Homesick for Charlot and Marcel Marceau? Fringe has a show for that--go to Go and watch an hour of nearly word-free "teatro" by Rodin Alcerro and Pablo Guillén, two drifters, off to see the world. Both performers have been seen in the DMV at Synetic and Gala; now they are front an center which proves exceedingly welcome.
Nowadays, words seem to do more harm than good, so it's refreshing to watch a couple of guys in red noses face the universe with an umbrella, a flower, a briefcase, a map, a shoe, and a tarp.

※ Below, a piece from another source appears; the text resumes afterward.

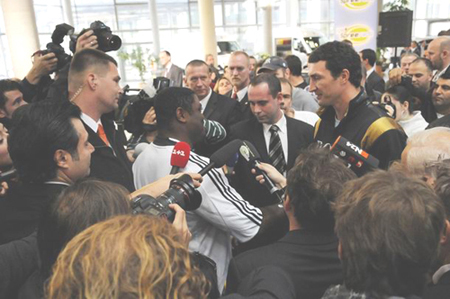 Открытая тренировка боксеров оказалась не просто тренировкой. Она вылилась в войну пиарассов. В ее круговерти нигериец и его команда стремились завоевать симпатии хотя бы части зрителей, столь необходимые «Нигерийскому кошмару» – ему ведь предстоит выступать на чужом поле. Иначе невозможно объяснить то, что Питер появился на ринге в трико немецкой футбольной сборной, а не в майке национальной команды Нигерии.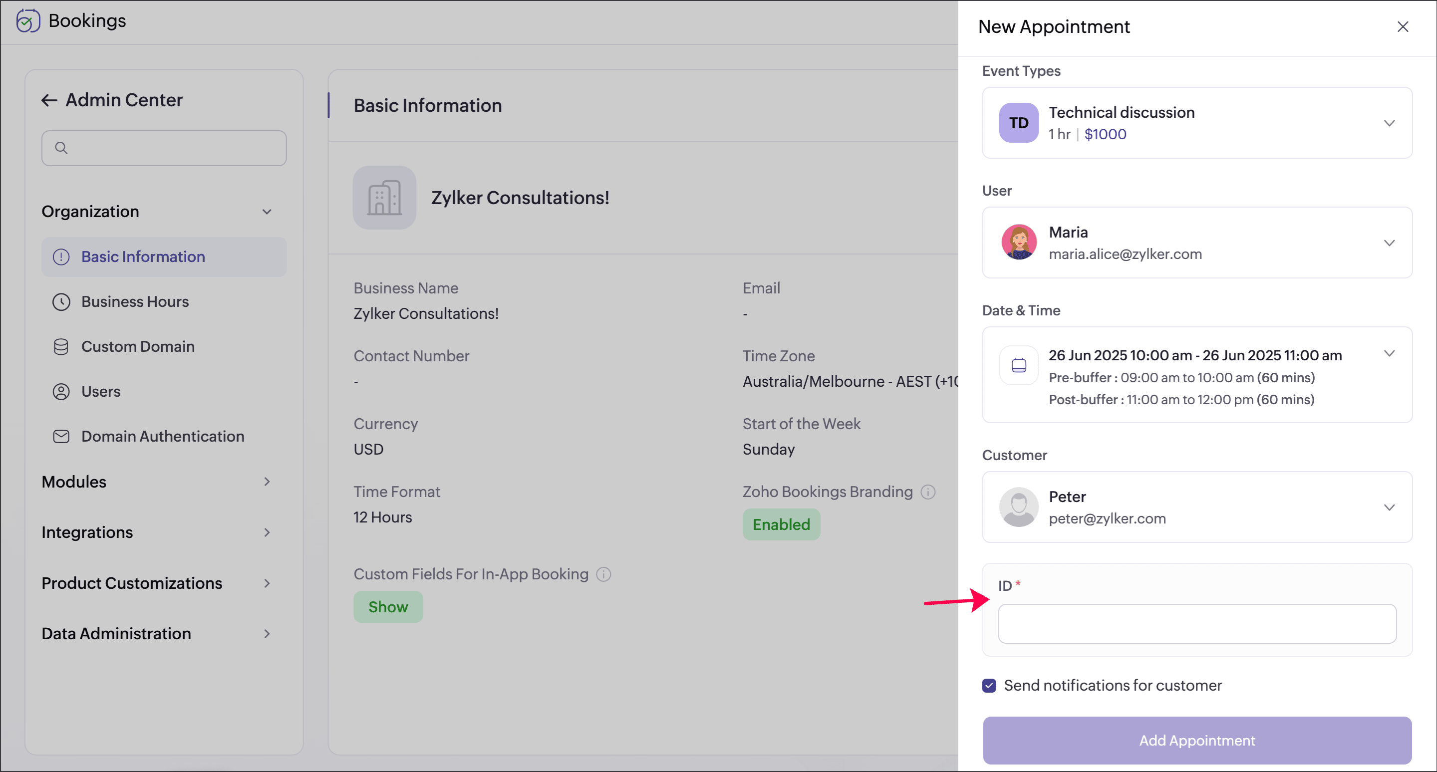 This option allows you to include custom fields like company name, customer id etc when adding appointments within the application for your customers.

Together, Alcerro and Guillén come up against weather (but they have an umbrella!!), the ocean (played to the hilt by the tarp), Moon River (the tarp's versatility is also known as a theatre game called "Endowment"), and a greenish demon that comes out to play when it hears the repetitive strains of Ravel's "Bolero," (enhanced in part by Hailey Laroe's excellent lighting design). There' a train trip; they share a flower and a piece of fruit from a descendent of Charlie Chaplin's Gold Rush shoe; the do use their voices from time to time, emulating Charlot again from the 1930s when he'd write an entire orchestral score for a movie but still wouldn't speak on camera (Hitler would change that.) They really struggle with the ocean and, à la Marceau, a very high wall.
Brandon Cook's excellent sound design helps audience members who require a little literal information. But information doesn't go with Go. Teamwork does; and imagination; better than any map.